Banks and CanDeal pilot shared risk utility aimed at easing supplier compliance burdens
Canada’s largest banks are pooling resources with market infrastructure provider CanDeal to tackle one of financial services’ most persistent operational headaches: third-party risk management.
The collaboration will introduce a centralized industry solution designed to standardize vendor due diligence and reduce overlapping compliance work across institutions and suppliers. A pilot is expected to launch in the first half of 2026.
The initiative reflects mounting regulatory scrutiny of outsourcing arrangements and supply-chain exposure, pressures that have significantly increased documentation and monitoring demands across the sector.
According to the announcement, the CanDeal Third-Party Risk (TPR) platform aims to replace fragmented, bank-by-bank review processes with a shared framework that allows participants to rely on common assessments. The goal is to streamline compliance obligations while lowering administrative costs for vendors serving multiple financial institutions.
Banks have traditionally conducted independent due diligence on the same suppliers, creating repetitive data requests and extended onboarding timelines. By mutualizing oversight activities, the new infrastructure is intended to eliminate duplicated effort while maintaining regulatory safeguards.
An initial group of suppliers selected by participating banks is already involved in development, a move intended to ensure broader industry input as the model evolves.
Jayson Horner, co-founder, president and CEO of CanDeal, framed the effort as a response to growing regulatory complexity.
"The regulatory requirements are complex, and the due diligence process can be demanding, stifling access and innovation. This initiative changes that dynamic entirely. It's about making the process more efficient, inclusive, and beneficial for everyone involved while maintaining the necessary risk oversight required,"
The platform will incorporate artificial intelligence and machine-learning capabilities to support ongoing monitoring, data updates and supply-chain transparency, according to the release. These tools are expected to help both banks and vendors maintain current information while reducing manual review workloads.
Participants argue the approach could shorten onboarding cycles and lower compliance costs — particularly for smaller suppliers that often face multiple overlapping audits from large financial institutions.

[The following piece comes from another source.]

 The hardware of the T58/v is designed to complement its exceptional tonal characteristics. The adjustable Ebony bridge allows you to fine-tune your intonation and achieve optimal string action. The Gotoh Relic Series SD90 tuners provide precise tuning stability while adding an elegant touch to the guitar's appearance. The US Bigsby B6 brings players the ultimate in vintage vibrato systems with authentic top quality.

The shared infrastructure is also positioned as a way to improve data quality across the ecosystem, helping institutions track risk exposure more consistently.
The project follows earlier Canadian industry efforts to build shared utilities around compliance and market infrastructure, reflecting a broader shift toward cooperative solutions in areas where regulatory demands are rising faster than individual firms’ efficiency gains.

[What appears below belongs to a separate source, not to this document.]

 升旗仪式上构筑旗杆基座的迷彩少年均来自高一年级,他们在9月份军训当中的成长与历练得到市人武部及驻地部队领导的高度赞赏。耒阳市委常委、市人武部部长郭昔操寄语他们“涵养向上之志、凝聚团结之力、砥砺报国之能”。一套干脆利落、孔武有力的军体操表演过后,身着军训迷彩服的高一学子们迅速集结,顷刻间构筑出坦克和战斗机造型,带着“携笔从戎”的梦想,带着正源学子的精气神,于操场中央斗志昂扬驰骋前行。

CanDeal, owned by Canada’s major banks and TMX Group stakeholders, has increasingly focused on mutualized services alongside its electronic trading and data businesses.
Backers say the model could eventually extend beyond Canada if successful, potentially serving as a template for global adoption.
Whether competitors and regulators ultimately embrace a shared due-diligence approach will likely determine how far the initiative reshapes supplier oversight across capital markets.